British Columbia

What can B.C. learn from Mexico's earthquake?

Canadian seismologists are keeping a close eye on the earthquake that hit Mexico on Thursday night, looking for lessons that can be applied to British Columbia’s similar tectonic landscape.

“It’s a very similar situation to our coast,” says Canadian seismologist

British Columbia shares several tectonic similarities with Mexico. The Juan de Fuca oceanic plate is trying to move under the North American plate and so the South Coast of B.C. can get both megathrust earthquakes off the coast as well as shallow earthquakes just below some of our major cities. (CBC)

Canadian seismologists are keeping a close eye on the earthquake that hit Mexico on Thursday night, looking for lessons that can be applied to British Columbia's similar tectonic landscape.

The magnitude 8.1 earthquake was the most powerful one recorded in Mexico in more than a century.

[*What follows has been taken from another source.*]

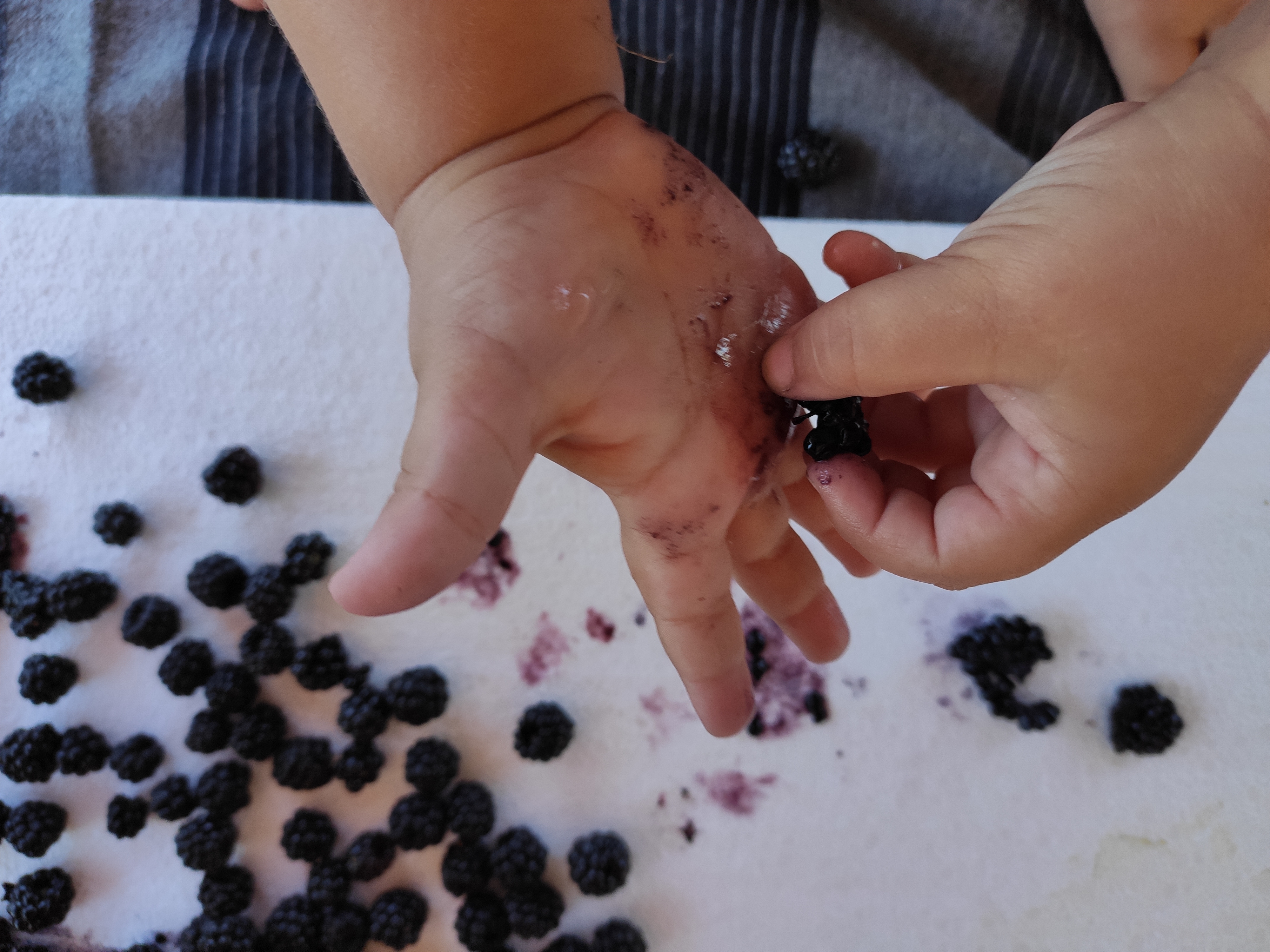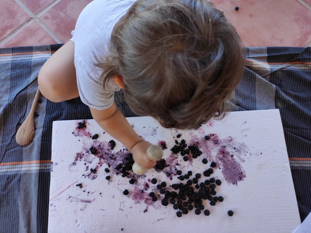 Tenir una mora entre els dits i no poder exprimir-la entre aquests és gairebé impossible quan aquesta cau en mans d’un infant. També podria anar directament a la boca, però en el cas de l’Arcadi, sempre manté distància a primera vista amb allò que li és desconegut… Com que pel gust les mores no l’han enamorat (gairebé un pecat!) hem optat per fer-ho a través de les mans i de la vista mitjançant la proposta d’avui. Segurament ho haureu provat alguna vegada, sinó, us animo a fer-ho perquè l’espectacle visual està assegurat!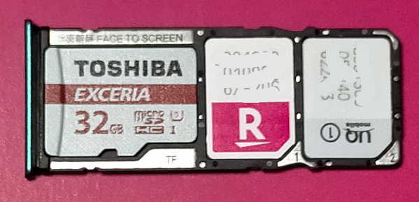 - SIM1に、楽天モバイルの nanoSIM をセット

It hit off the southern coast of the country, toppling buildings and killing dozens.

John Cassidy, a seismologist with Natural Resources Canada, said although the earthquake was unusually large it was not unexpected.

Mexico, just like Canada's West Coast, sits on one of the Earth's subduction zones and is prone to shaking when the oceanic tectonic plates shift.  

"It's a very similar situation to our coast," Cassidy told CBC's host of On The Coast Stephen Quinn. "We also have an ocean plate, called the Juan de Fuca plate, that is being pushed towards us at about four to five centimetres each year. So it's exactly the same type of tectonic setting."

Earthquake warnings

Despite the magnitude of the earthquake, no major damage has been reported in Mexico City. Those in the capital had more than a minute's warning that disaster was about the strike because of earthquake-detection technology.

"If you have enough instruments on the ground that can very quickly detect the earthquake, locate the earthquake and say how large it was, then you can push that information out at essentially the speed of light with satellites and internet," Cassidy said.

The damaging side-to-side secondary waves following the initial shock took about three minutes to travel from the coast to the capital, giving enough time to broadcast warnings to the public by text message and the media.

Cassidy held a meeting with students and colleagues the day after the earthquake to look at what lessons could be applied to British Columbia.

"It's really important to learn from these large earthquakes whether they are in Mexico or Chile or Japan," he said. "We'll be working on this and examining the very detailed ground-shaking data sets that we can use here."